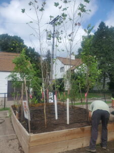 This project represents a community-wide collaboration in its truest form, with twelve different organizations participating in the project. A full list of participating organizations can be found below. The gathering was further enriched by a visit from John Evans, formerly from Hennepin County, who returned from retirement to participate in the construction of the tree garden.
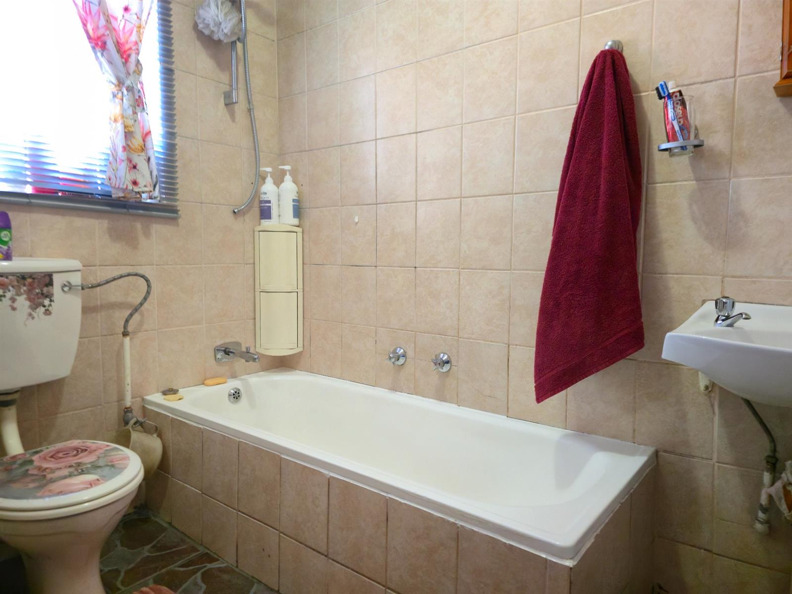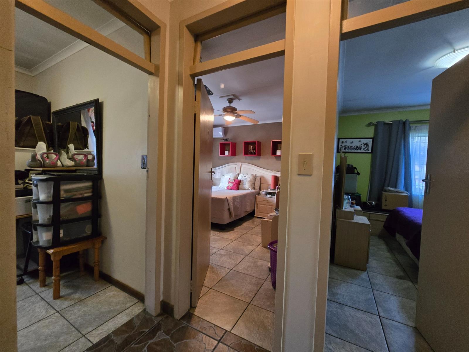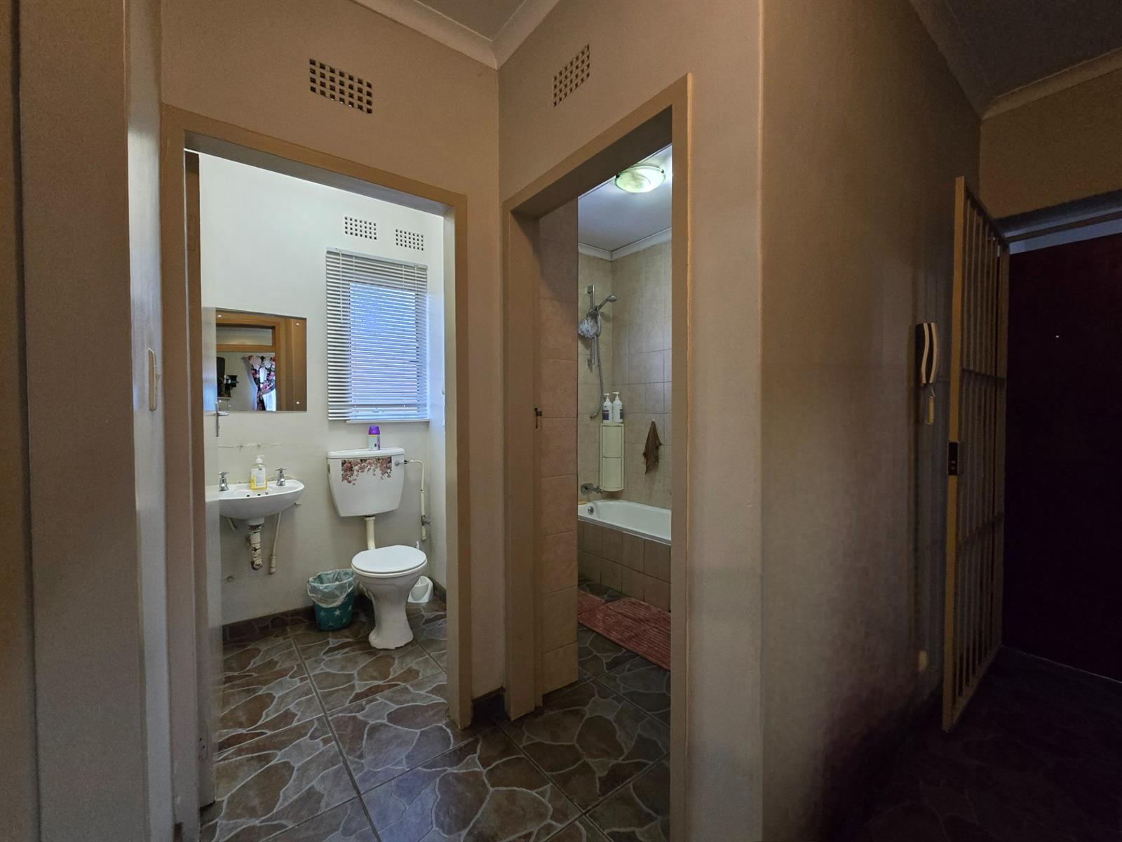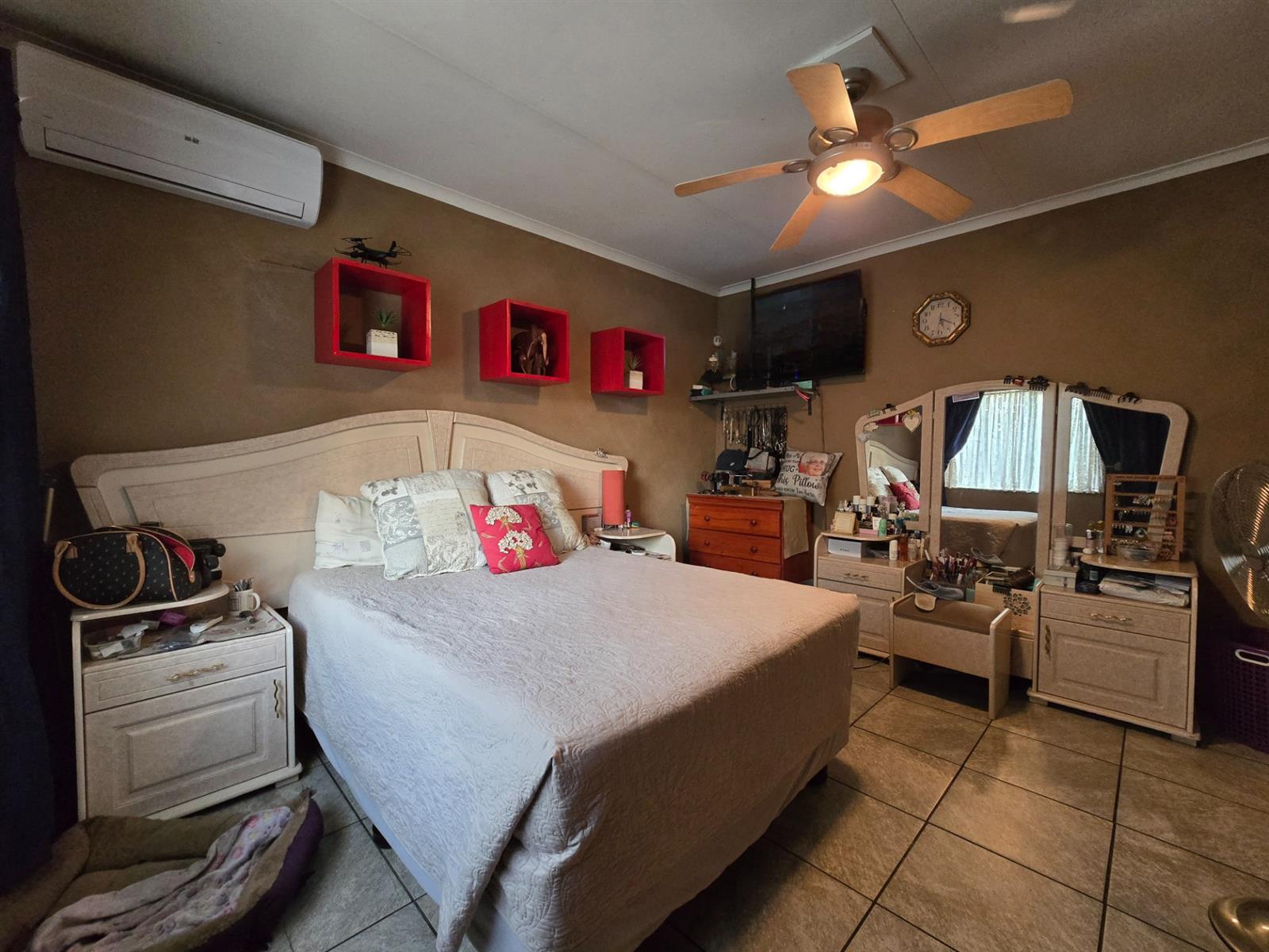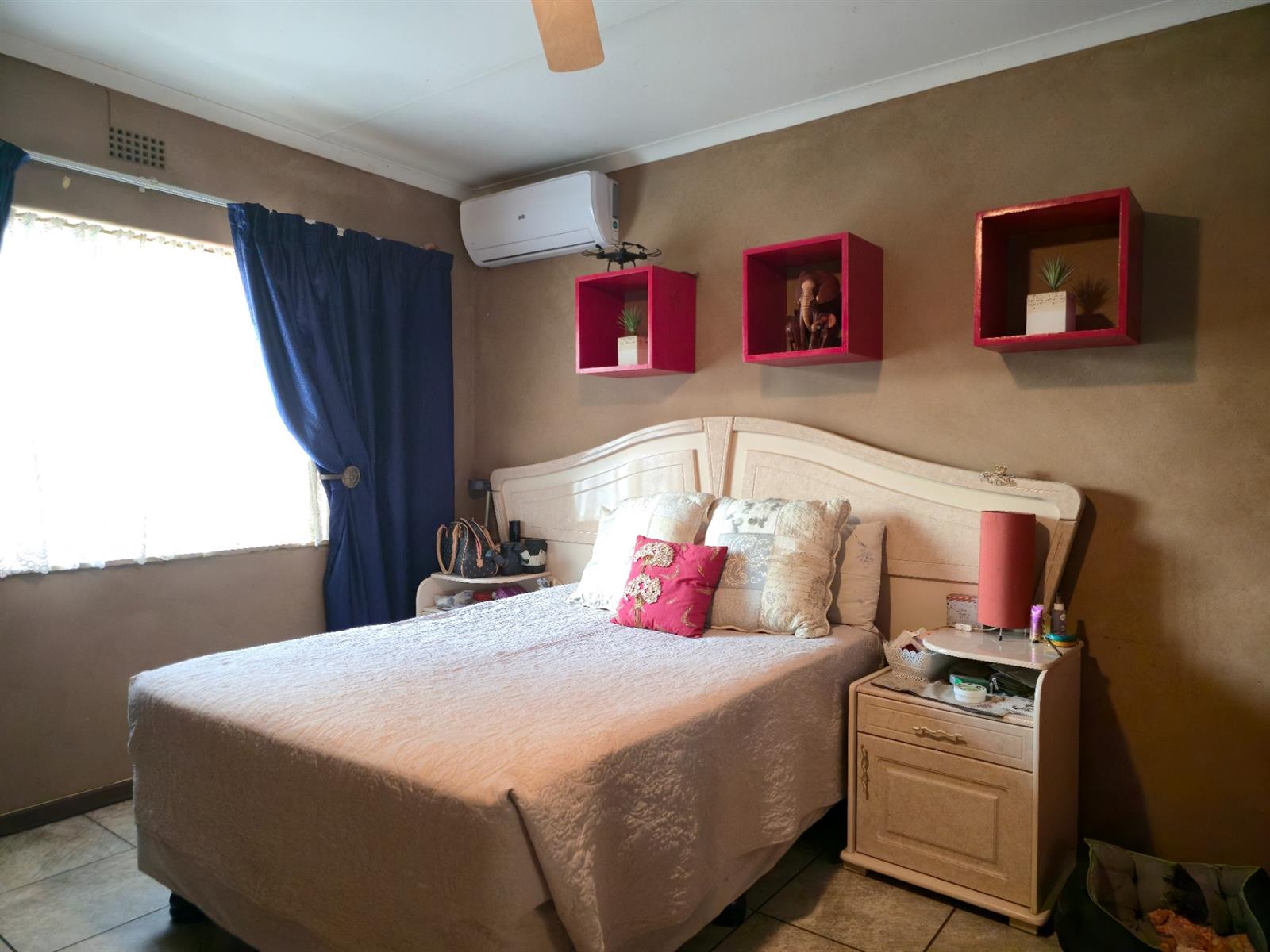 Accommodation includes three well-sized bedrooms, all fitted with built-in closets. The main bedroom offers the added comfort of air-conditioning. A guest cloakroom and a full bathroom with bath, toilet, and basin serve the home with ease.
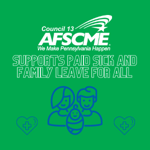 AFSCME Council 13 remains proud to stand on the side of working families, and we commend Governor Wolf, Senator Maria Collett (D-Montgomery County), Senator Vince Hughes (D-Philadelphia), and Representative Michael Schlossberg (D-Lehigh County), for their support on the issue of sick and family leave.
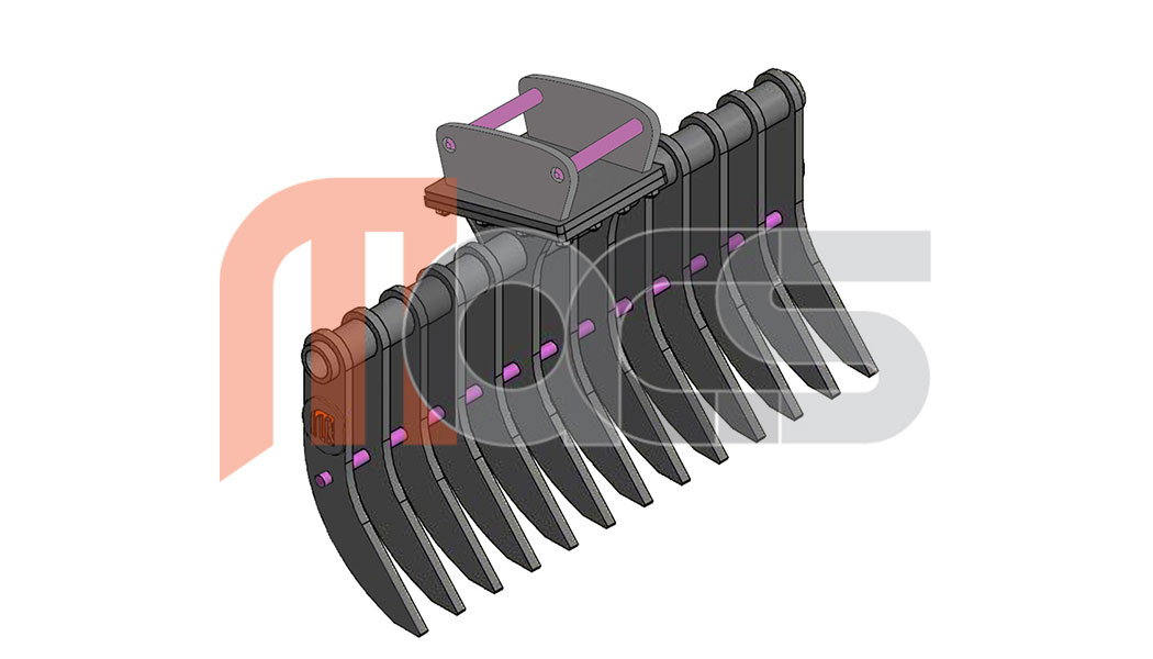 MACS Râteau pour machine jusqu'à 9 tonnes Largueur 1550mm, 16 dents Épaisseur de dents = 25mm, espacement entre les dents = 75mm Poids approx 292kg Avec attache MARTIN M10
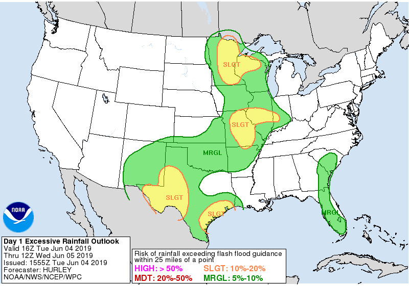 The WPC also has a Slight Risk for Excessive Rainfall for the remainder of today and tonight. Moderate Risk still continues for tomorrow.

— WHAT NEEDS TO BE DONE —
Transcribe exactly the line that contains "AFSCME Council 13" and each line after it through the end of the listing. Leave out the pictures.

— ANSWER TO THIS EXERCISE —
 AFSCME Council 13 remains proud to stand on the side of working families, and we commend Governor Wolf, Senator Maria Collett (D-Montgomery County), Senator Vince Hughes (D-Philadelphia), and Representative Michael Schlossberg (D-Lehigh County), for their support on the issue of sick and family leave.
 MACS Râteau pour machine jusqu'à 9 tonnes Largueur 1550mm, 16 dents Épaisseur de dents = 25mm, espacement entre les dents = 75mm Poids approx 292kg Avec attache MARTIN M10
 The WPC also has a Slight Risk for Excessive Rainfall for the remainder of today and tonight. Moderate Risk still continues for tomorrow.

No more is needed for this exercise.